Core Concepts
The author proposes a shifted normal distribution sampling function to enhance cost efficiency in active learning, particularly in cases of imbalanced labeling costs for positive and negative instances.
Abstract
Active learning is a valuable strategy for optimizing machine learning by selecting data points intelligently. The paper introduces a new sampling function to address the challenges of noisy datasets and imbalanced labeling costs. The proposed method shows significant improvements in cost efficiency compared to traditional approaches like uncertainty sampling and random sampling.
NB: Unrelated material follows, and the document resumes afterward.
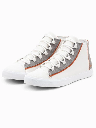 Męskie buty trampki z kontrastującymi elementami - białe V1 OM-FOTH-0140

By focusing on the uncertainty and noise regions, the algorithm aims to refine models effectively while minimizing costly labeling errors.
Stats
Our simulation underscores that our proposed sampling function limits both noisy and positive label selection, delivering between 20% and 32% improved cost efficiency over different test datasets.
For example, in the financial industry, such as in money-lending businesses, a defaulted loan constitutes a positive event leading to substantial financial loss.
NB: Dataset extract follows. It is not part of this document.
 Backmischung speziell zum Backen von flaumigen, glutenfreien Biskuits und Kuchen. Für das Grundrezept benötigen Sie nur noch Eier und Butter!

We adopt C = 1 as our standard value for the cost associated with a single positive instance relative to a negative instance.
The proposed shifted normal sampling achieves η(normal) = 1.88 for cost efficiency at the final query.
Shifted normal sampling has similar AUC performance as random sampling but lower positive event ratio, resulting in better cost efficiency.
Quotes
"We propose a shifted normal distribution sampling function that samples from a wider range than typical uncertainty sampling."
"Our simulation underscores that our proposed sampling function limits both noisy and positive label selection."
"The proposed method shows significant improvements in cost efficiency compared to traditional approaches like uncertainty sampling and random sampling."